Just because customers come back to a company doesn’t mean they are highly satisfied. For example, Walmart doesn’t make Dr. Fornell’s list, but it still has incredible customer retention. Walmart customers want the price, and they are willing to forgo a higher level of service to get that better price.

Important! Today’s market is different. Dr. Fornell warns that investing in customer satisfaction today may not deliver outperformance because there is more demand than supply, which means that the buyer/seller relationship has changed. The seller now has more power than the buyer. In a good economy, sellers are competing for buyers. Today it’s almost the other way around, because of the short supply or scarcity of merchandise. Therefore, you may not get extra “points” or profit for customer satisfaction if there’s scarcity.

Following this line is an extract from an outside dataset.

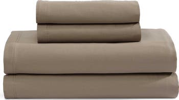 Bedtime is better with lightly lustrous 300-thread count organic cotton sheets that are dyed with plant-based dyes for an incredibly soft hand feel.
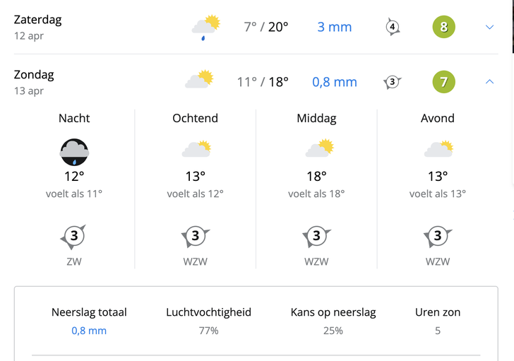 Of het daadwerkelijk gaat regenen tijdens Parijs-Roubaix is nog de vraag. Op dit moment lijkt van niet, al geldt dat enkel wanneer je zoekt op finishplaats Roubaix. Kijk je naar startplaats Compiègne, dan wordt er voor zaterdag veel en voor zondag een klein beetje regen voorspelt.

Customers will do business with whatever company has the goods, even if it’s not where they would normally choose to go.

As an example, Nordstrom is legendary for customer service and is on the ACSI list, but it is currently underperforming in the market. It has nothing to do with customer satisfaction—it’s because of supply issues and scarcity of product.

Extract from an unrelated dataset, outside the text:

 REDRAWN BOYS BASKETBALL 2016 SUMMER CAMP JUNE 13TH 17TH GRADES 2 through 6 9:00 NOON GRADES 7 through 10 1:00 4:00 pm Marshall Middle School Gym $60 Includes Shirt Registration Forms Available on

Ultimately, however, even considering changes in the economy, scarcity of merchandise and supply chain issues, over an extended period of time the ACSI strategy beats the market. I’ve also reported that investing in companies with higher NPS scores has beat the market. Yet another strategy is simplicity. Investing in the Siegel+Gale’s index of the world’s simplest brands can outperform the stock market as well. The theme is easy to spot. Customer service, customer experience, convenience and simplicity help to create a better customer experience that positively impacts stock price.